— EXERCISE AIM —
Could you set down the listing below exactly, leaving out its pictures?

— RECORDS FOR THE EXERCISE —
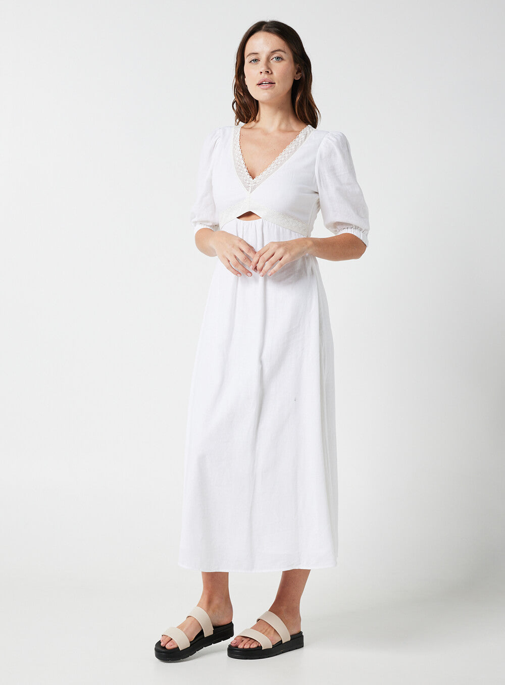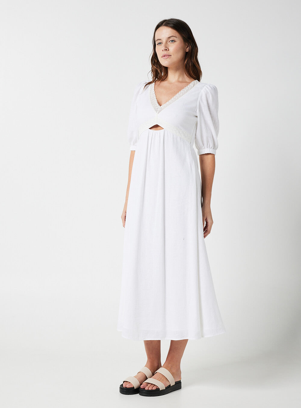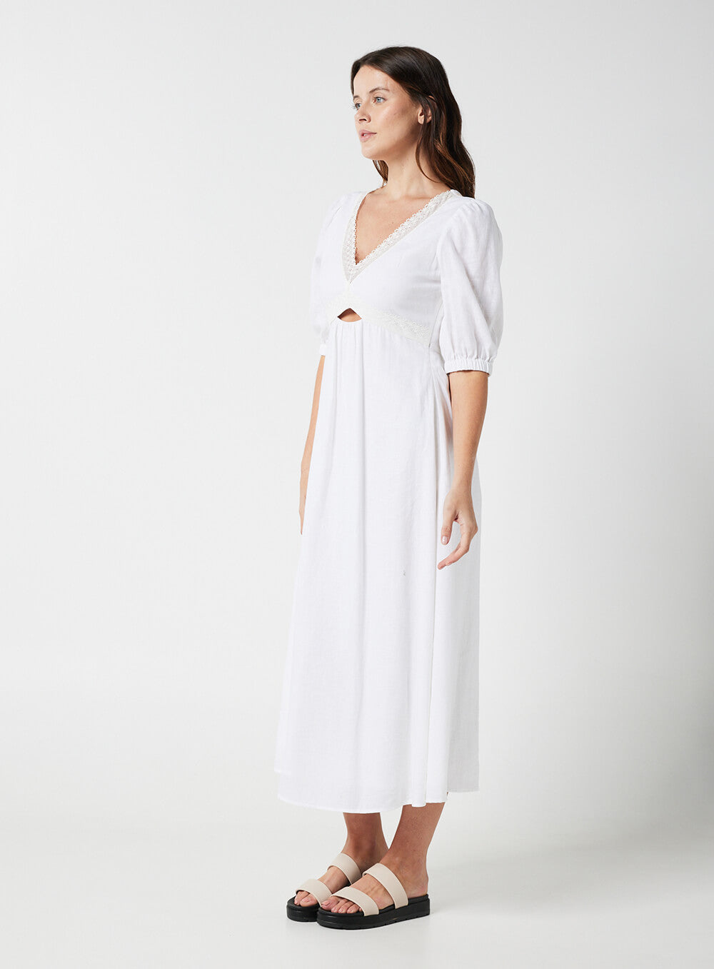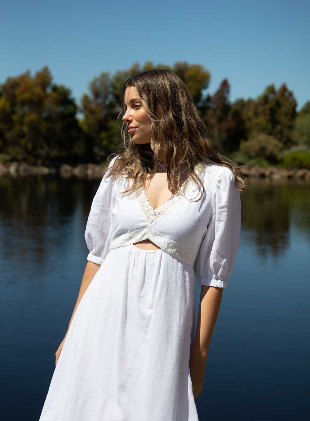 This garment is made from a premium 55% Linen & 45% Rayon blend, detailed with cotton based lace. Our model wears a size AU 8/S.
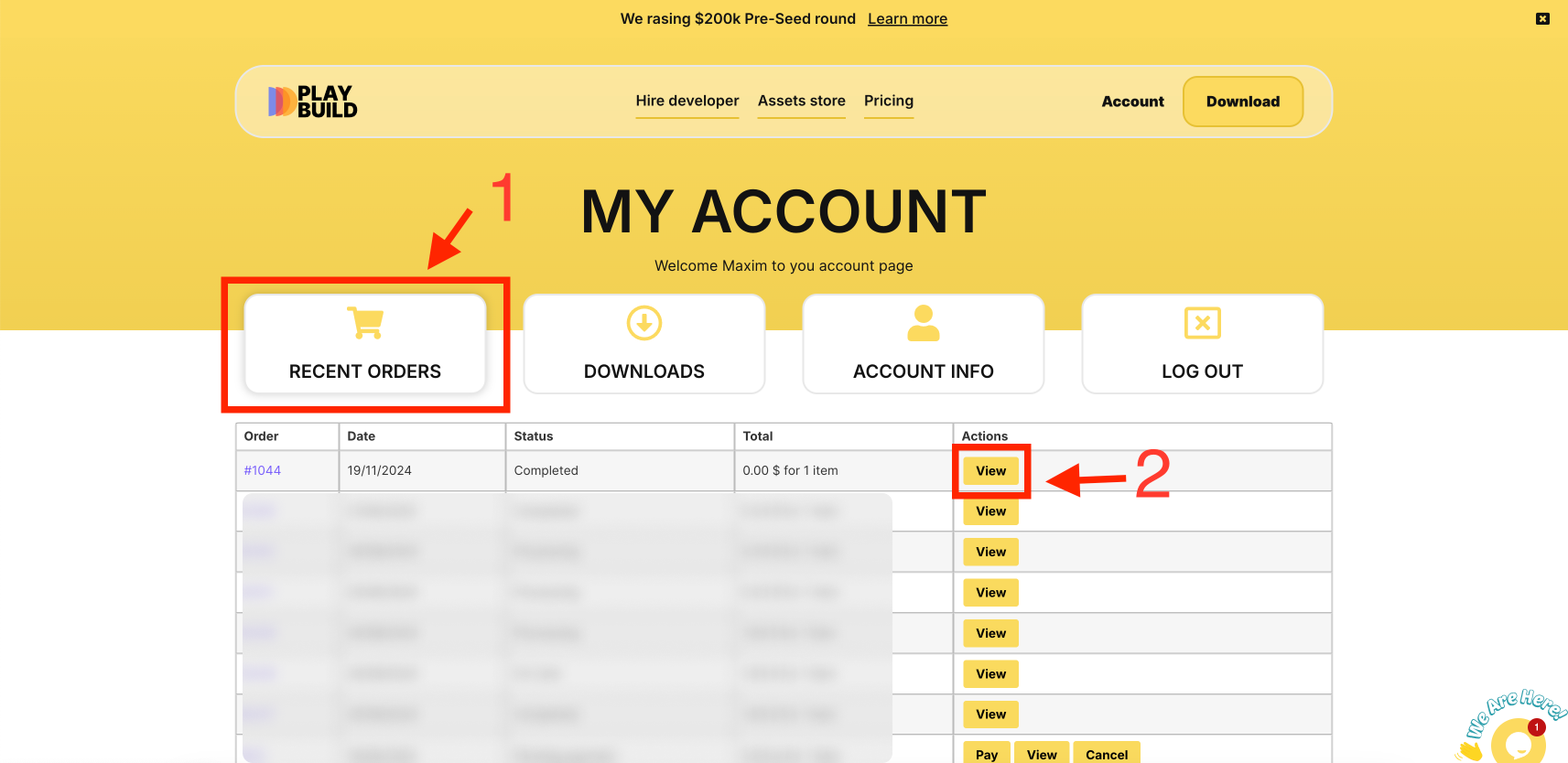 Find the specific order associated with your plugin purchase. You can identify it by the plugin name or order number and click “View”.
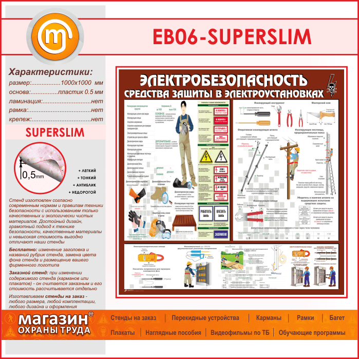 Стенд «Электробезопасность. Средства защиты в электроустановках» (EB-06-SUPERSLIM) в Магнитогорске купить
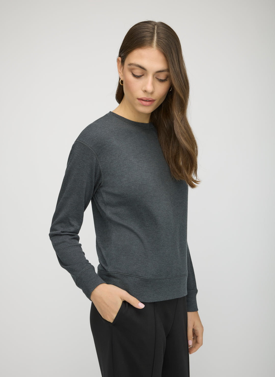 A women's long sleeve crewneck so classic, you’ll find yourself reaching for it 24/7. With details that last, like zigzag topstitching, reinforced seams, and four-way stretch, this warm and cozy brushed-feel pullover is a wardrobe staple designed to keep up to the demands of your day. Sure to be the softest staple in your closet, this is one crewneck you’ll be wearing around the clock.
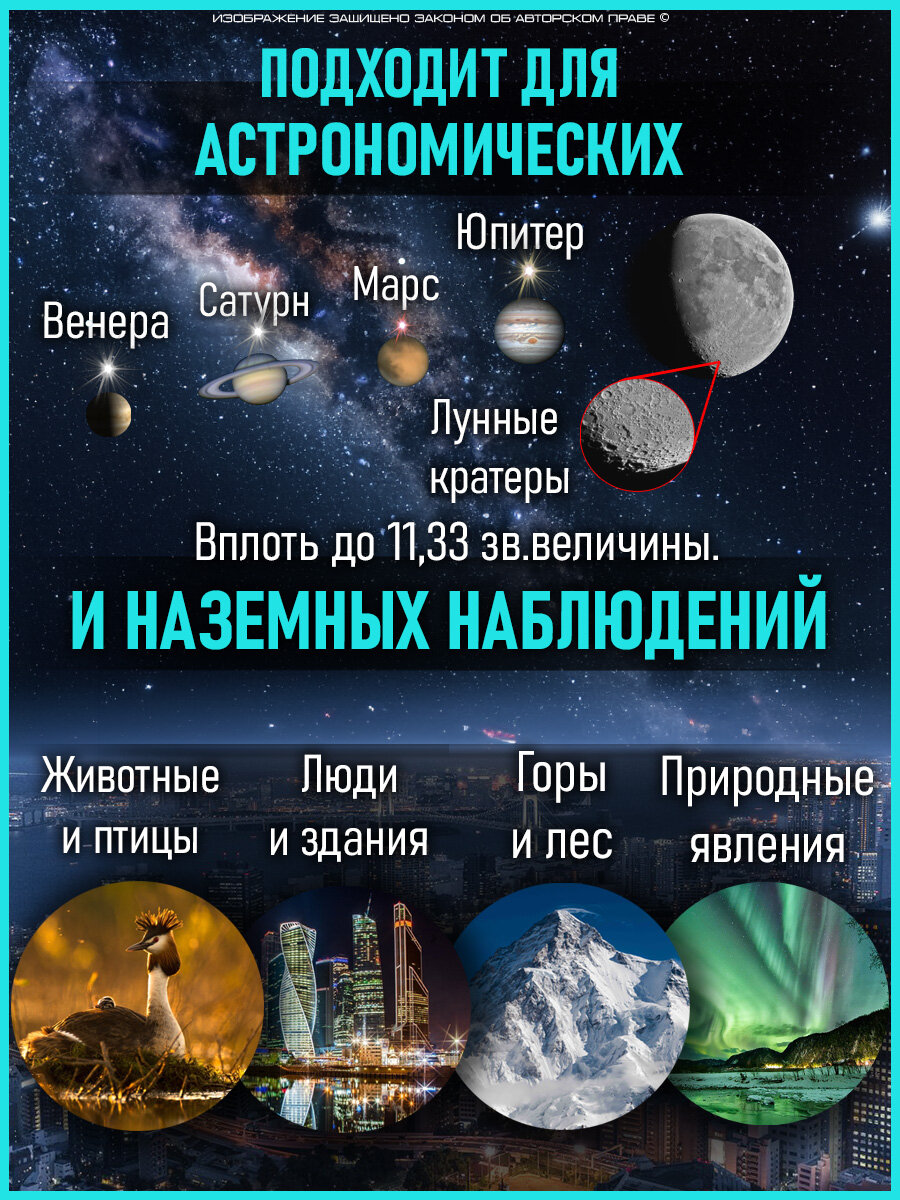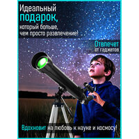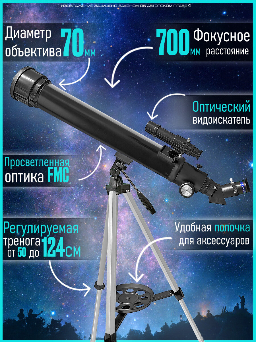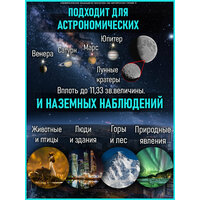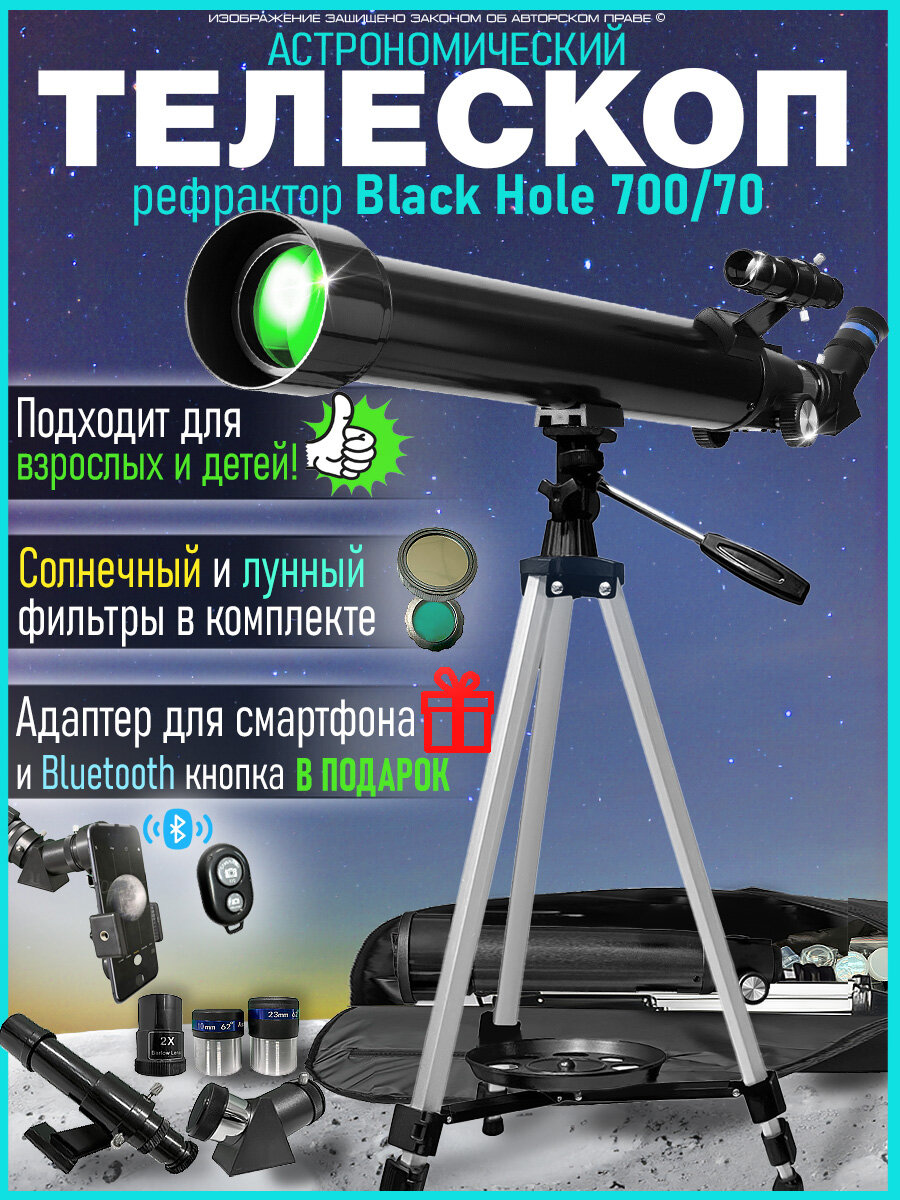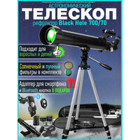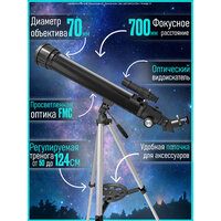| Комплектация | Труба телескопа 700/70 рефрактор; Защитные крышки для объектива и диафрагмы; Оптический искатель с кронштейном; Диагональная угловая призма; Линза Барлоу 2х; Окуляр 10 мм (70x); Окуляр 23 мм (28х); Лунный фильтр; Солнечный фильтр; Телескопический штатив (тренога); Большая сумка для хранения и транспортировки; Малая сумка для хранения аксессуаров; Универсальный держатель для смартфона; Беспроводной Bluetooth пульт для смартфона; Салфетка для протирки оптических линз; Документация. |
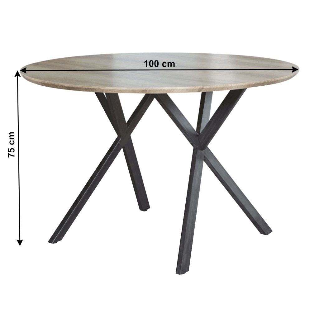 Jídelní stůl, dub šedý/černá, průměr 100 cm, AKTON

— RESULT OF THE EXERCISE —
 This garment is made from a premium 55% Linen & 45% Rayon blend, detailed with cotton based lace. Our model wears a size AU 8/S.
 Find the specific order associated with your plugin purchase. You can identify it by the plugin name or order number and click “View”.
 Стенд «Электробезопасность. Средства защиты в электроустановках» (EB-06-SUPERSLIM) в Магнитогорске купить
 A women's long sleeve crewneck so classic, you’ll find yourself reaching for it 24/7. With details that last, like zigzag topstitching, reinforced seams, and four-way stretch, this warm and cozy brushed-feel pullover is a wardrobe staple designed to keep up to the demands of your day. Sure to be the softest staple in your closet, this is one crewneck you’ll be wearing around the clock.
| Комплектация | Труба телескопа 700/70 рефрактор; Защитные крышки для объектива и диафрагмы; Оптический искатель с кронштейном; Диагональная угловая призма; Линза Барлоу 2х; Окуляр 10 мм (70x); Окуляр 23 мм (28х); Лунный фильтр; Солнечный фильтр; Телескопический штатив (тренога); Большая сумка для хранения и транспортировки; Малая сумка для хранения аксессуаров; Универсальный держатель для смартфона; Беспроводной Bluetooth пульт для смартфона; Салфетка для протирки оптических линз; Документация. |
 Jídelní stůl, dub šedý/černá, průměr 100 cm, AKTON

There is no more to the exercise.